How can I force operator available when statically linking?

I’m building a program that utilizes libtorch to perform inference using static libs. Things work alright if I link libtorch_cpu.a using the whole-archive approach, but I need to be able to build without whole-archive. In the case without whole-archive, the build process succeeds, but I get an error at runtime that aten::mul isn’t available. Web searches resulted in the same issue, but usually the solution is to use whole-archive which is what I need to avoid.

Given that that is always the solution, I’m sure it will be tedious, but I’d like to just try to manually register the operators that are needed for my particular inference capability. My thought is to run the executable, see which operator it fails on, then update the code to manually register that operator, then rebuild, run, see which operator it complains about now, modify code to register it, and repeat as needed.

The problem is that I can’t figure out how to do the manual registration. I’ve found some stuff about registering custom operators, but these aren’t custom ops.

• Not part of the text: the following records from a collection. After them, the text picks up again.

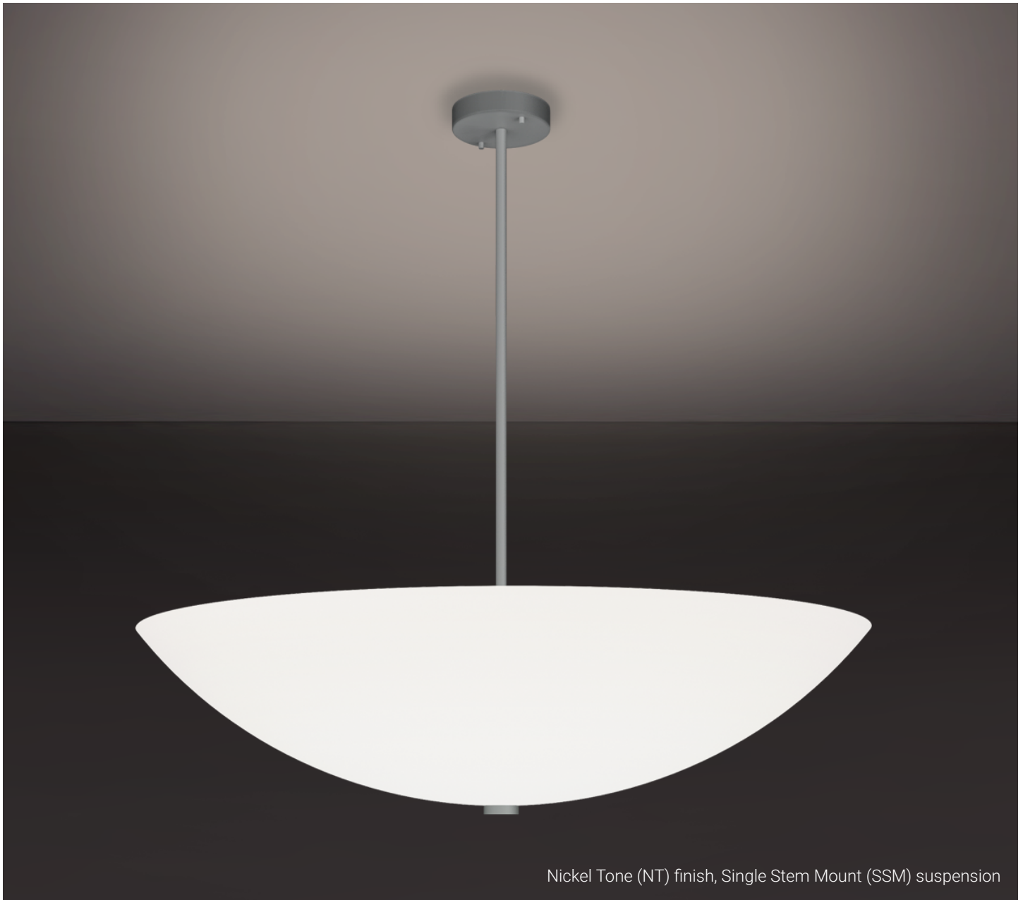
Nickel Tone (NT) finish, Single Stem Mount (SSM) suspension
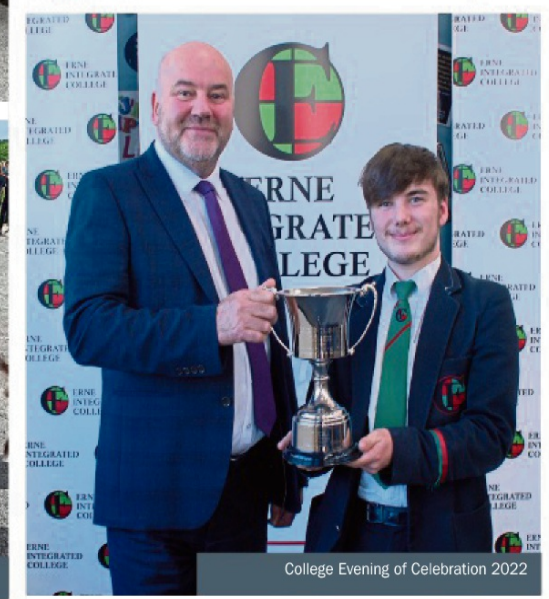
College Evening of Celebration 2022
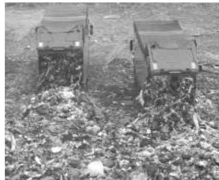
Lorries tipping at Hafod

Thirdly, our appeal to Europe over desecration of the Special Area of Conservation for Europe is languishing in Brussels despite being put forward by the European Parliament.
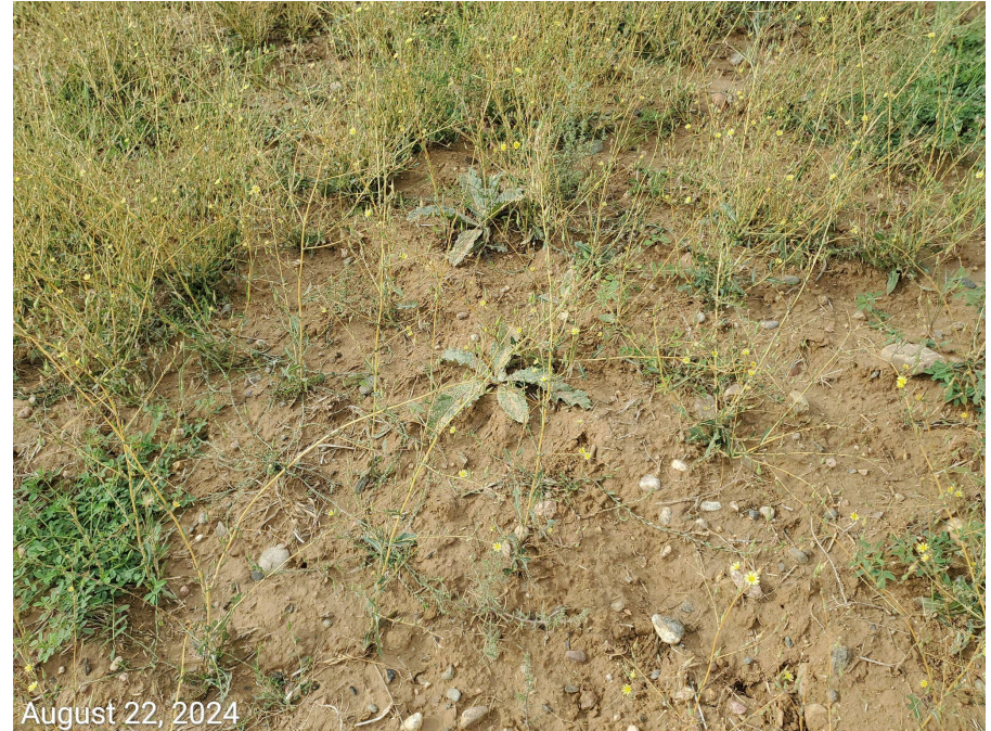
Photo 16: Photos taken from the interim areas/fill slopes on the east end of the Location, facing northwest. Revegetation efforts have not been performed, or have failed; desirable plant germination/establishment was not observed within the recently reclaimed areas. Vegetation within photos are predominantly Undesirable and Noxious Plant Species. Unable to find evidence that soils had been "crimped" with any materials such as mulch. BMPs along slopes have either not been implemented or not maintained until long-term stabilization is achieved; slopes remain predominantly bare.
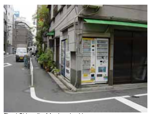
Fig. 4 Sidewalk of Asakusabashi Photo dated: 030722, JP
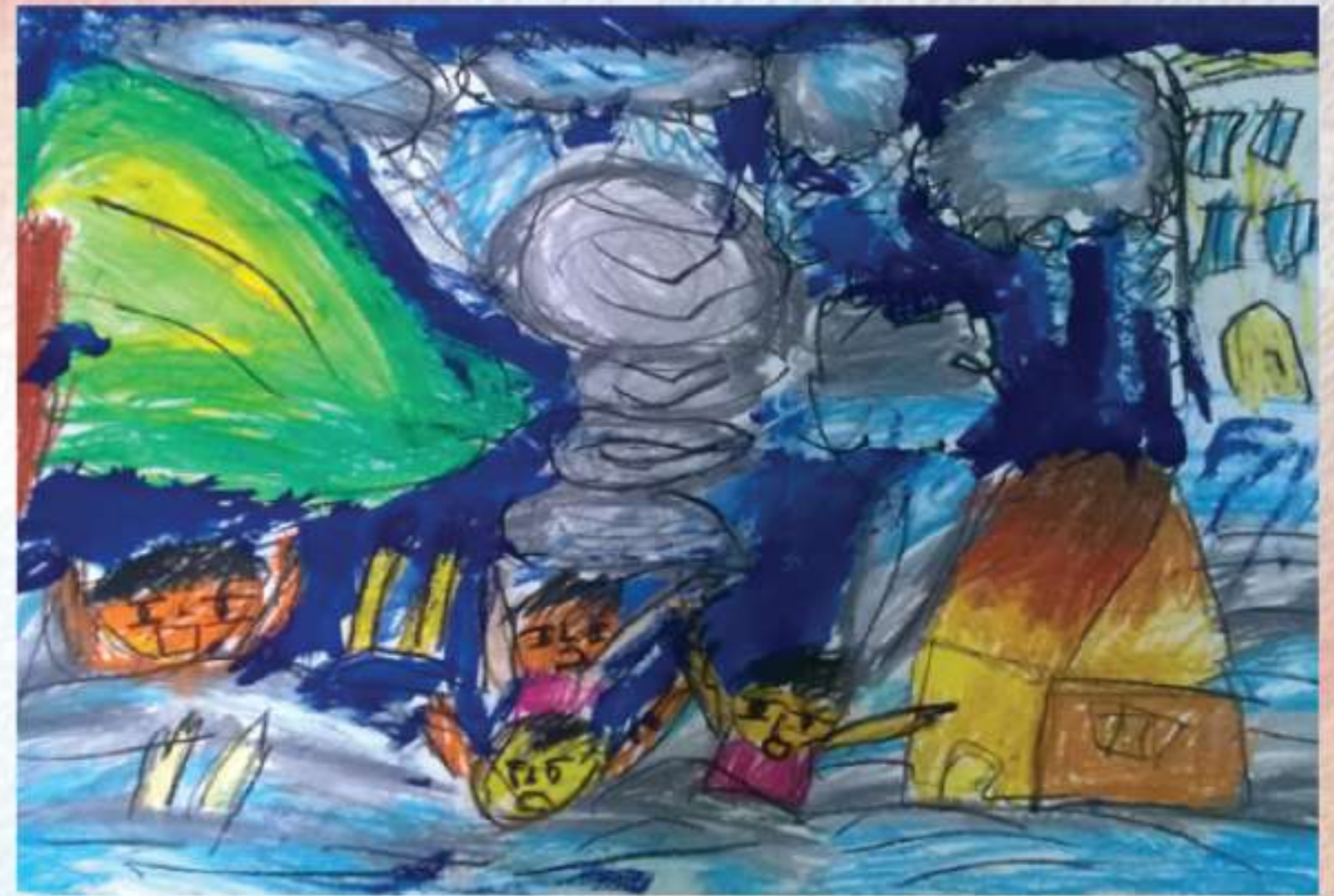
3rd position in Group A (age between 6-9)
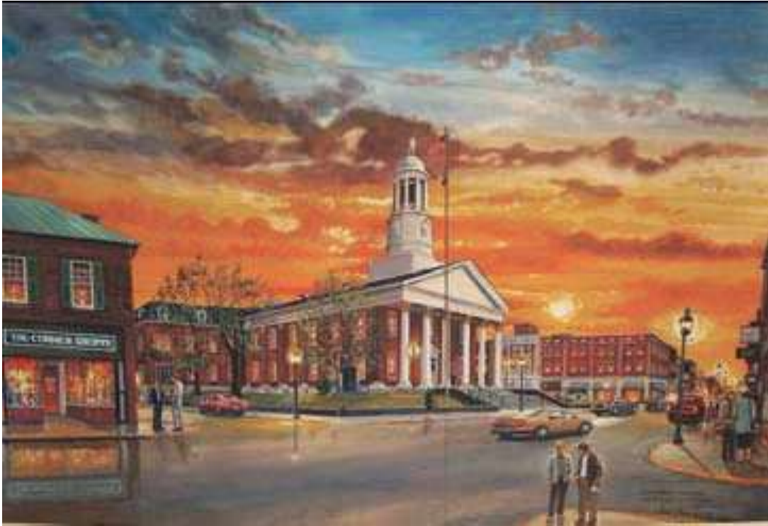
1850 Courthouse (Present Day)
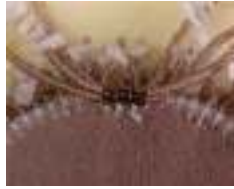
Backside Bead Attachment BWC pg 53
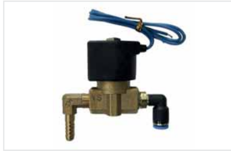
8. Assy-Solenoid Valve
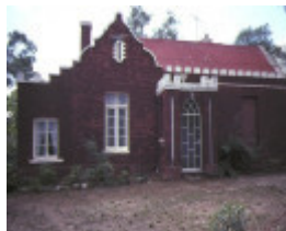
residence farnsworth street castlemaine side view may1984
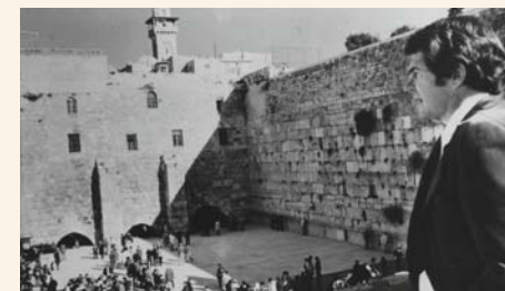
Pat Robertson on one of his many trips to Israel.

On Christmas Day in 1974, I had the privilege of interviewing Prime Minister Yitzhak Rabin in Israel for The 700 Club . Rabin lamented the fact that after Israeli military victories, the nation had been stopped from achieving a peace treaty.
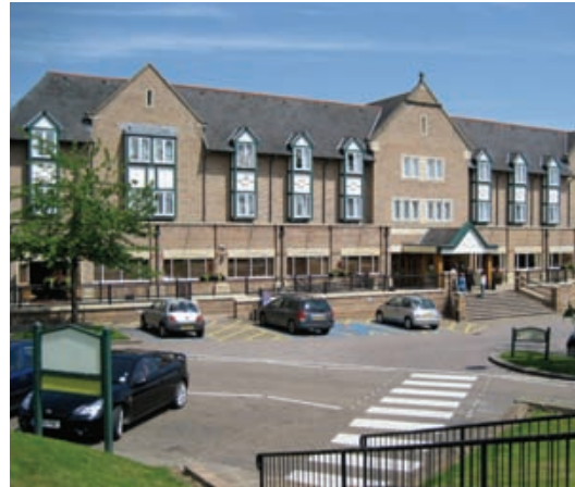
The Village Hotel & Leisure Club

Radisson Blu Hotel Leeds, No 1 The Light, The Headrow, Leeds LS1 8TL Tel: 0113 236 6000 Fax: 0113 236 6100 Email: events.leeds@radisson.com
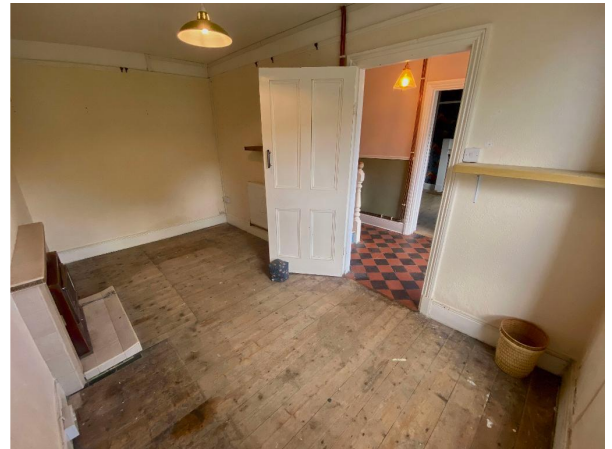
Sitting Room - Another View
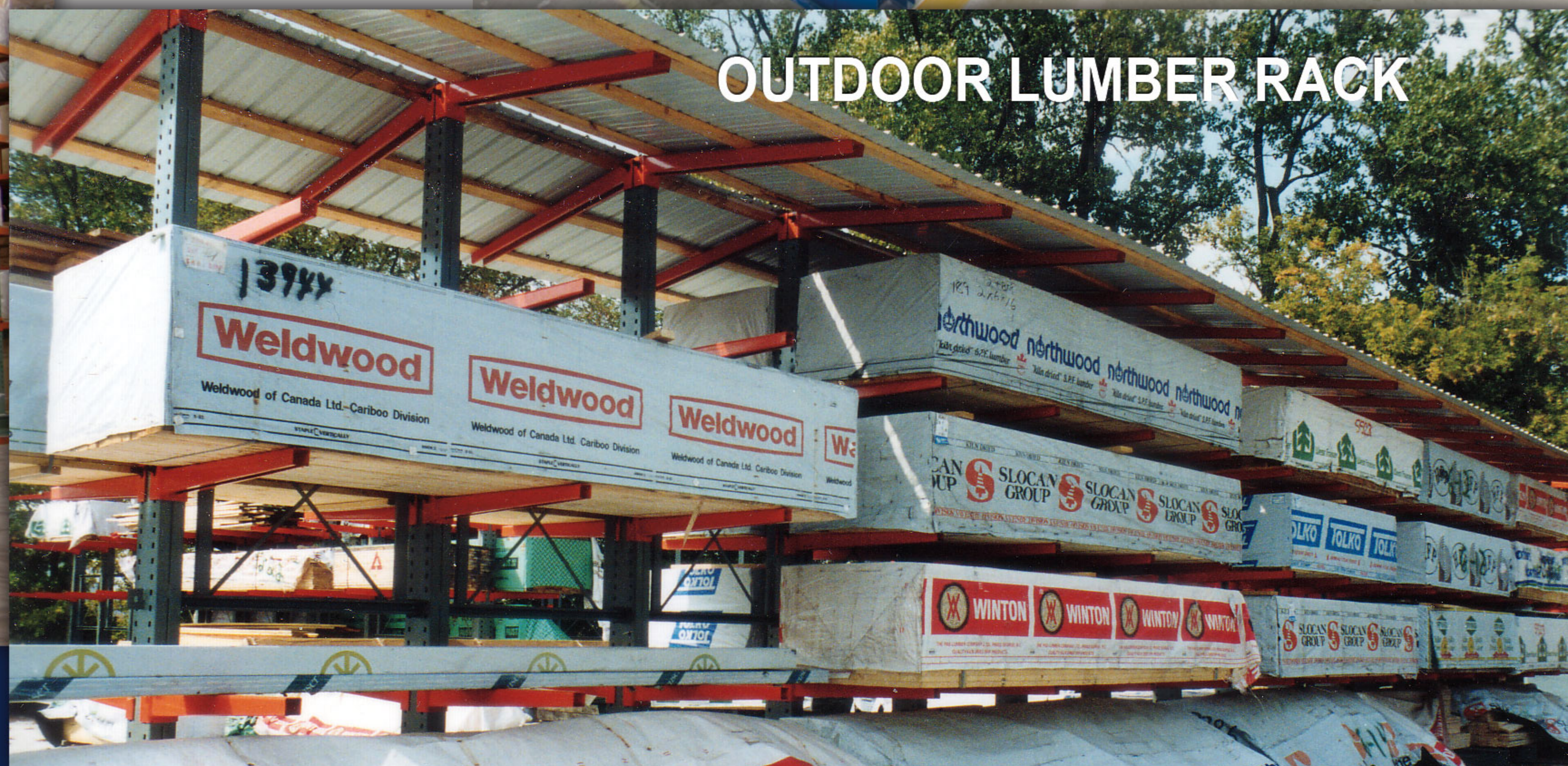
OUTDOOR LUMBER RACK

Furniture items, such as sofas, can be easily removed with no frontal obstructions to damage product
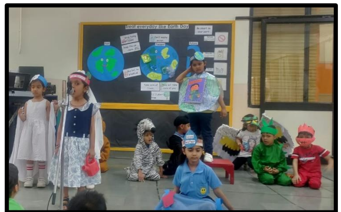
Skit on Earth Day by Prep B – Future of earth is in our hand... Every action counts
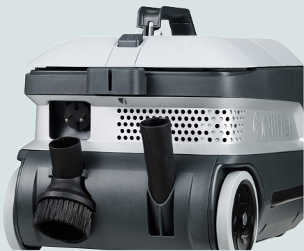
User friendly and easy to reach accessories
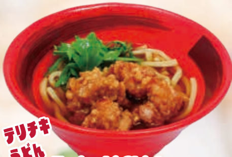
Teriyaki Chicken Udon 18.0

In the pytorch source tree, I found some code that registers a couple of aten operators - I stole it and pasted it into my own code, and it does look it now registers those two operators twice now, so I think the approach might work, but despite a lot of searching, I haven’t been able to find analogous code for the operators I’m looking for. For what its worth - this is the code I’ve added to my program:

#include <torch/csrc/jit/runtime/register_ops_utils.h>

namespace torch {
namespace jit {

RegisterOperators reg_ops_directly(
         "aten::_ncf_unsqueeze(Tensor(a) self, int ndim) -> Tensor(a)",
         [](Stack& stack) {
           const int64_t ndim = pop(stack).toInt();
           auto self = pop(stack).toTensor();
           c10::SmallVector<int64_t, 8> sizes(ndim, 1);
           AT_ASSERT(self.dim() == 1);
  = self.size(0);
           push(stack, self.reshape(sizes));
         "aten::_ncf_view(Tensor(a) self, int[] input_shape, int normalized_ndim) -> Tensor(a)",
         [](Stack& stack) {
           const int64_t normalized_ndim = pop(stack).toInt();
           auto input_shape = pop(stack).toIntList();
           auto self = pop(stack).toTensor();
           const int64_t input_ndim = input_shape.size();
           c10::SmallVector<int64_t, 8> sizes(input_ndim, 1);
           for (int i = 0; i < input_ndim - normalized_ndim; ++i) {
    = input_shape.get(i);
           push(stack, self.reshape(sizes));

Without that code added, those two operators are listed in torch::jit::getAllOperators once, and with the code added, those two operators are listed twice.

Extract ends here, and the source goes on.